One important edge case is when all remaining elements have the same frequency. In this situation, the mode is determined entirely by the tie-breaking rule, which requires returning the smallest value. A careless implementation might return whichever value appears first in a heap or hash map iteration. The solution avoids this issue by storing (−frequency, value) in the mode heap, ensuring smaller values win ties automatically.

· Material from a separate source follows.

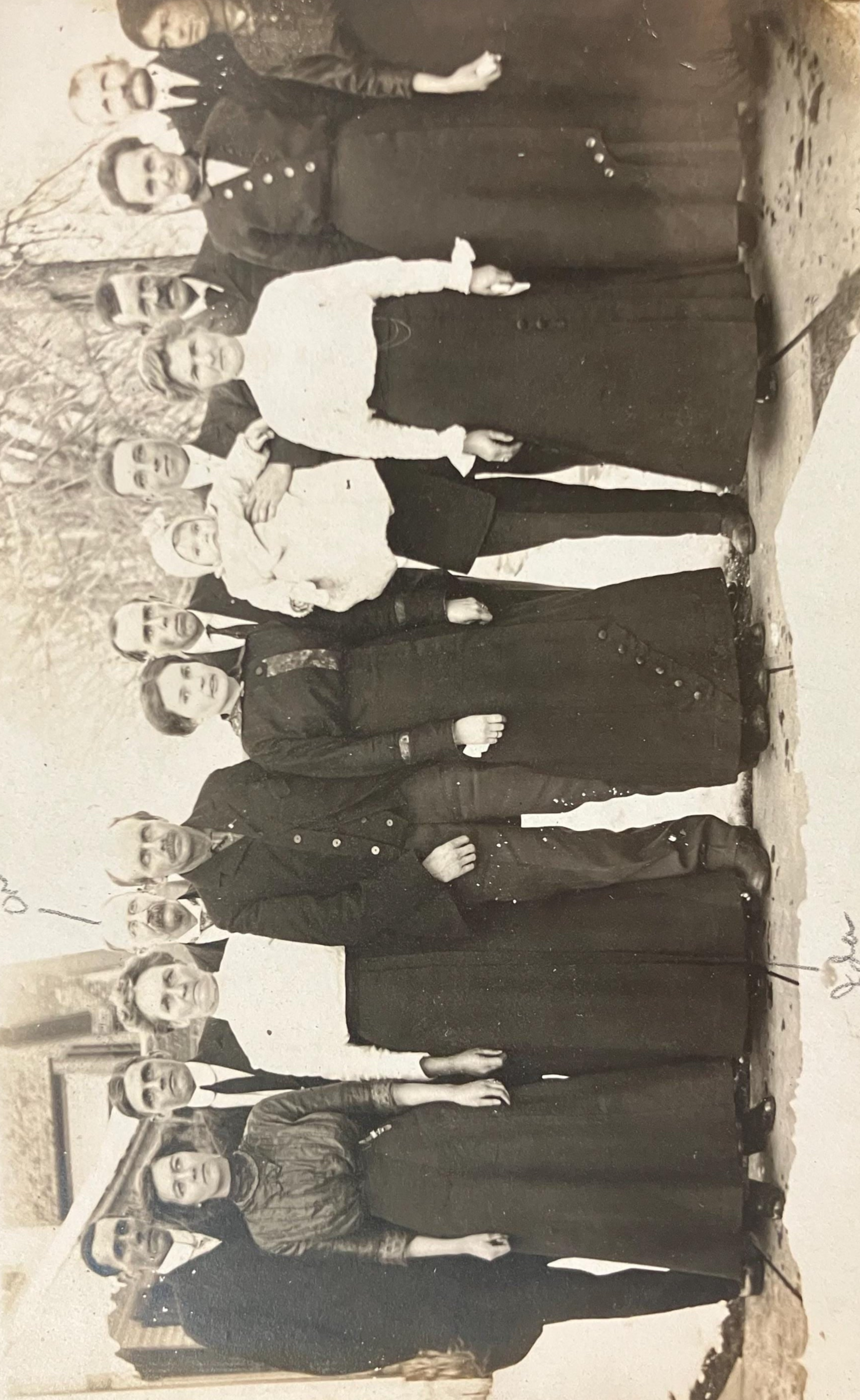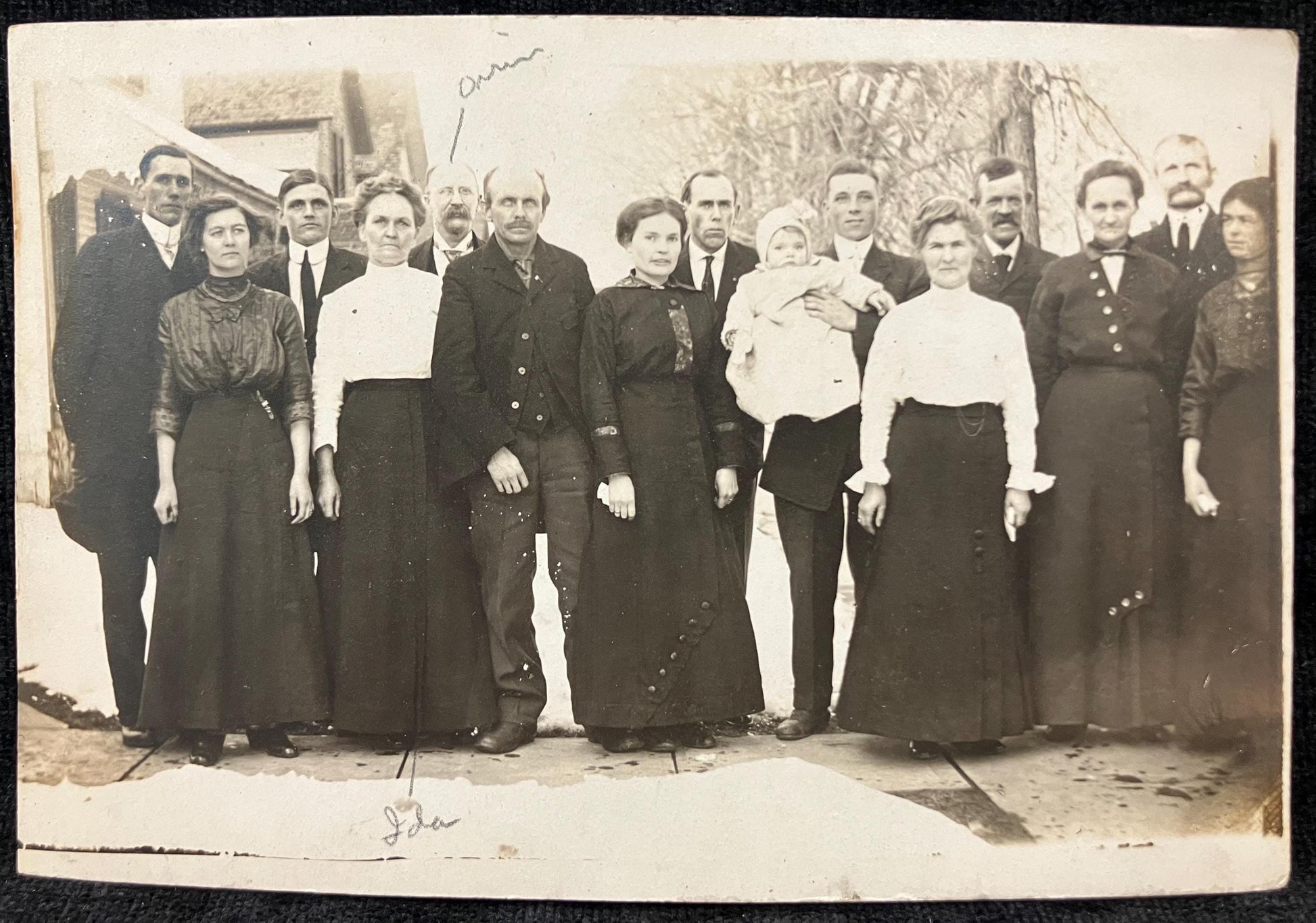 Fourteen Member Family stand with Baby. Is it for Baptism? No other small children, but original family members can be found by looking. Ormin [Fifth from the Left] Ida [fourth from the Left] are identified on the card in ink. The picture was with several others identified as taken in South Haven Michigan

Another tricky case occurs with even-sized collections. Many median implementations return the smaller middle value or the average of the two middle values. This problem specifically requires the larger middle value. The implementation guarantees this by maintaining the invariant that the large heap always contains the extra element whenever the size is odd or balanced toward the upper half when even.

Lazy deletion is another major source of bugs. Removed elements may still physically exist inside heaps long after deletion. If stale entries are not cleaned before queries or balancing, the returned median or mode can become incorrect. The implementation carefully prunes invalid heap tops whenever necessary, ensuring only active values participate in calculations.

A final edge case involves repeated add and remove operations on the same values. Without correct frequency bookkeeping, stale mode entries could incorrectly dominate the heap. The solution handles this safely because every mode query validates heap entries against the current frequency map before returning a result.